В Чечне был у нас один старший лейтенант-финансист. Дельный парень. Постоянно выезжал с нами на боевые, хотя мог этого и не делать. А там действовал очень умело и решительно. Но как-то раз мы двигались колонной из трех бэтээров и попали в засаду. Этот «финик» был в составе десанта на броне головной машины. Бронированные крышки моторно-трансмиссионного отделения были установлены в вертикальное положение и использовались как дополнительная защита десанта. Начался обстрел.

Граната РПГ попала в вертикально стоящую крышку МТО, а за ней находился наш финансист. Ударом взрывной волны его сшибло с брони. С бэтээра он упал на бетон, сильно ударившись спиной и головой. Получил при этом очень тяжелые травмы, хорошо хоть живой остался.

Имелся у нас и другой «феномен», тоже из «фиников». Этого застать в трезвом состоянии было практически невозможно, только степень опьянения у него всегда была разной. Потому и разговаривать с ним было трудно и не очень приятно. Да и особой честностью он при этом не отличался.

Как-то во владикавказской гостинице за оказанные ему услуги он заплатил местной проститутке семьдесят тысяч рублей. Причем произошло это при свидетелях, наших же ребятах. А сам он при этом находился, как обычно, в «коматозном» состоянии. Был основательно пьян.

И что же она смогла ему сделать такое, если рассчитался он с ней такой крупной суммой? Бедная дама чуть рассудка не лишилась от счастья. В тех местах подобных тарифов и близко не было.

Заработки в Чечне в ту пору были относительно неплохими. Но никому и в голову не приходило так транжирить деньги. Все это потому, что у нас они были заработанные. А у него скорее всего ворованные, и набит он ими был под завязку. Так и чего ему их жалеть, эти деньги, завтра они опять появятся без особых проблем и забот. А «финик» этот так потом и уехал по-свински: втихаря, ни с кем толком не простившись.

Военнослужащим в Чечне полагалось много различных выплат, потому разобраться в вопросе, кому, сколько и чего положено получать, было трудно. Этим успешно пользовались недобросовестные финансисты. В их арсенале имелось достаточно вариантов для недоплаты и обсчета военнослужащих. Остап Бендер по этому поводу говорил, что у него в запасе имеется четыреста достаточно честных способа отъема денег.
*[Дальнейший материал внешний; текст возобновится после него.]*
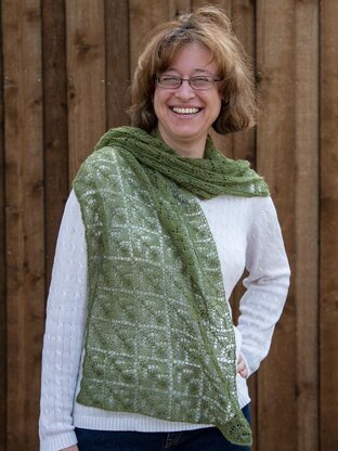 This lacy wrap is knit on a bias, so it has a slight parallelogram shape. It's the perfect accessory to a sundress or tank in the summer or for a light wrap in the fall and spring.

И получается, что стоит контрактник, приехавший на войну из уральской деревни, держит в руках тридцать–сорок тысяч рублей расчетных денег, по окончании контракта полученных, и счастлив предельно. Мечтает и рассуждает вслух, как он эти деньги потратит. Дом в деревне приобретет: за семь–девять тысяч рублей очень хороший можно подыскать. Потом старый трактор в развалившемся колхозе выкупит со всем навесным оборудованием, на часть денег восстановит его и отремонтирует. После этого хозяйством обзаведется: корову купит, свинок пару штук, курочек. На все этих денег должно было хватить. Много ли для счастья человеку надо? Только невдомек ему, что денег он получил значительно меньше, чем должен был получить. Не знает, что это «финик» полковой так ему «удружил»…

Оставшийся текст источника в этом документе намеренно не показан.